She Left Corporate China for Dogs & Ducks in Thailand's Countryside
Meet Yidan, the heart behind one of the cosiest little farmstays in Thailand.

Yidan is living the kind of life most of us can only dream about — waking up to mountain views, growing her own food, sharing a bamboo house with a family of rescued animals.
But it wasn't always like this.
For years, Yidan worked in crypto marketing in Beijing and Shanghai, flying around the world for conferences. Her job eventually brought her to Bangkok, where she stayed in the rat race for a few more years. Then COVID happened, and the world stopped.
She didn't appreciate the countryside until it was gone

Yidan grew up in the Chinese countryside. Fishing with sticks, climbing into haystacks — the kind of slow, grounded childhood that she didn't appreciate until much later.
By the time she was old enough to want it back, it was gone.
"COVID made me think about the past," she says. "I realised that I wanted to live like how it was back then in China. But I couldn't, because my hometown wasn't the countryside anymore. It had Starbucks and McDonalds."
It's a particular kind of homesickness — wanting to go back to a place that doesn't exist anymore. Most people who feel it just live with it. Yidan started looking for somewhere else that did.
"Is this really how I want to spend my life?"

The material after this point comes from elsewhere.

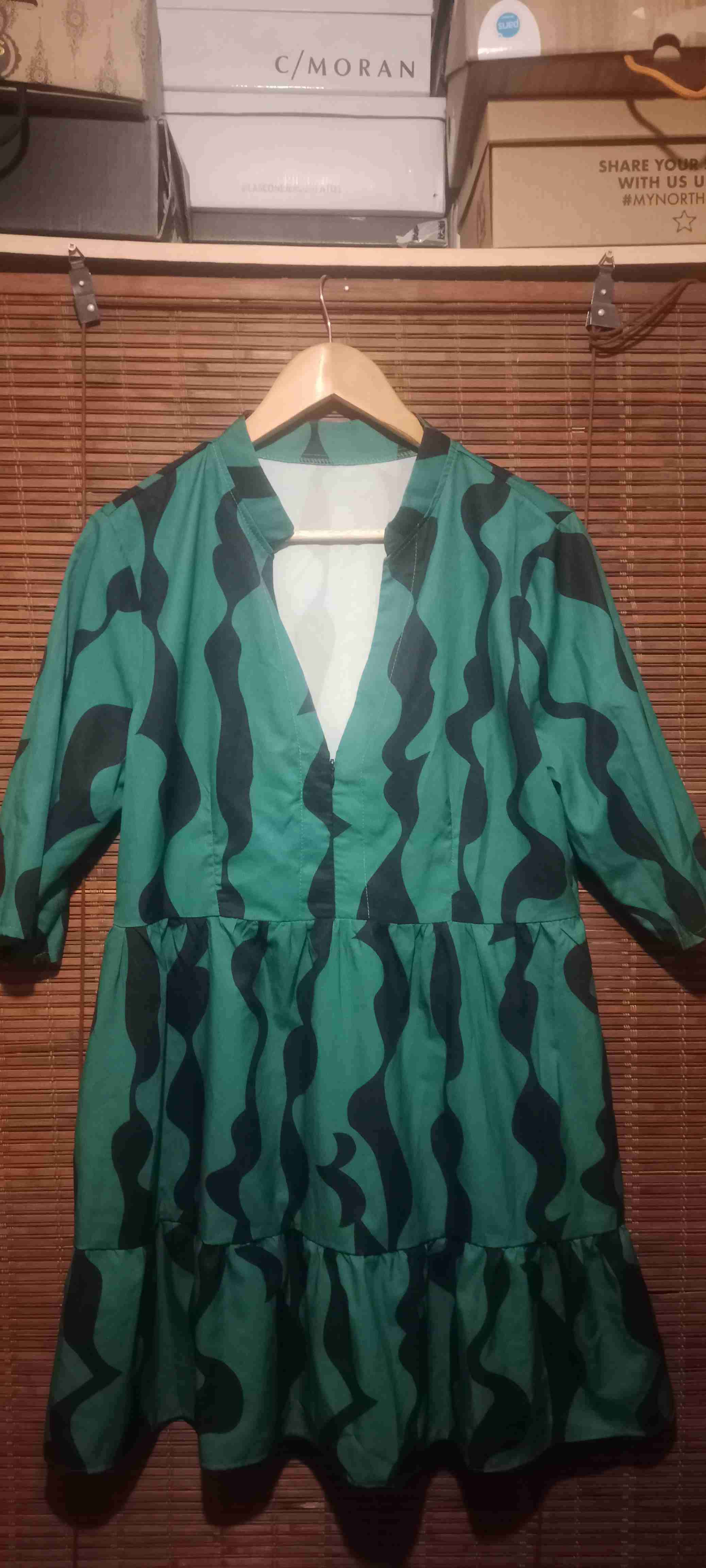 Vestido suelto verde con estampado ondulado. Ideal para ocasiones casuales, en buen estado general.

When the conferences stopped and the travel stopped, the question Yidan had been outrunning finally caught up with her.
She started travelling around Thailand. The islands first — the postcard places. Then she pushed north, into the mountains of Chiang Dao.
The muddy ground. The smell of hay. The quiet.
"I found a similar feeling of home here," she says. "I remember thinking to myself that I could actually live like a kid again, here, in another country."
The animals kept finding her

The first was Lucky, a street dog in Bangkok who jumped into her taxi one day and refused to get out. Then came Baloo, her second dog. Then Chestnut the cat. Then Dumpling, a hedgehog. By the time she stopped counting, there were eight.
She doesn't have a tidy explanation for it. "Somehow they just keep coming to me," she says, "and I feel a connection to every single one of them, so they stay."
What she did know was that she needed a proper home for them — a piece of land where they could run free, and where she could finally settle down too.
A bamboo house, built with the village

In 2022, Yidan rented a small piece of land in Chiang Dao and started building a bamboo house from scratch. For a while, she lived in a tent with Lucky, parked right next to where her dream home would eventually stand.

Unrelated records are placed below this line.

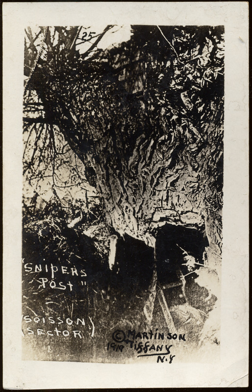 - This postcard is a black and white photo of a sniper's post on the ground. Text at bottom left: "'Sniper's Post' (Soisson Sector)". Text at bottom right: "© 1919 Martinson Tiffany N.Y." On reverse: blank.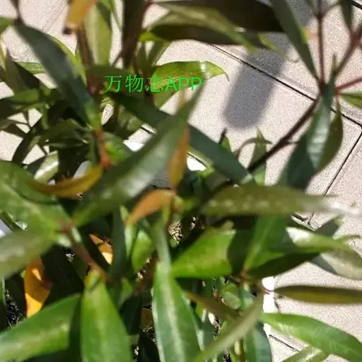 灌木或小乔木,高3-10米。枝灰褐色,圆柱形,粗糙,小枝褐色或灰色,近四棱形,无毛,密被细小鳞片。叶片革质,狭披针形至长圆状椭圆形,长3-10厘米,宽1-2厘米,先端渐尖,具长凸尖头,基部渐窄,叶缘稍反卷,两面无毛或在上面中脉被微柔毛,下面密被锈色鳞片,中脉在上面凹入,下面凸起,侧脉多对,不甚明显,两面微凸起,在近叶缘处汇合成一直线;叶柄长3-5毫米,被锈色鳞片,无毛。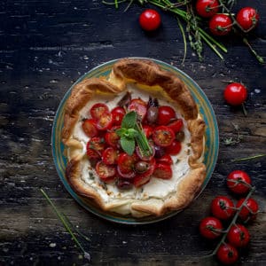 Torta salata con cremoso alle erbe aromatiche, pachino e olive taggiasche

She didn't build it alone.
The local aunties and uncles in the village showed her how to work with the land, and helped her piece the house together. She picked up Thai along the way, slowly at first, until one day she realised she was fluent.
By the time the house was finished, she wasn't just a foreigner who happened to live there. She was someone the village had built a home for.
A farmstay, almost by accident

What started as a personal sanctuary slowly turned into something bigger.
Yidan opened the place up as a small farmstay, partly to support herself and partly because the village had become part of the story. She sources locally. She works with villagers. She brings income into a community that took her in.
Every February, she hosts a farmers' market on her land. Local Chiang Dao farmers and hill-tribe artisans come to sell their organic produce and handmade goods.
She's also helped goats give birth and worked with a local NGO to fund the sterilisation of more than 200 stray animals in the area. Her bamboo house has quietly become a safe haven for strays with nowhere else to go.
She set out to find a home. She ended up making one for the village — and a few hundred animals besides.
Come stay with Yidan

We'll be upfront: Yidan's place isn't a luxury retreat. The bamboo house is rustic, the animals make mess, and living rurally in northern Thailand means giving up convenience in real, daily ways.
That's the point. If you stay with her, you'll wake up to mountain views and stretch by a lotus pond. You'll eat meals straight from the garden, help forage or cook in the kitchen if you feel like it, and pass waddling ducks and napping cats on the way to the hot springs. Some evenings, you'll sit around the campfire with Yidan and the villagers, doing very little.
That part turns out to be most of the appeal.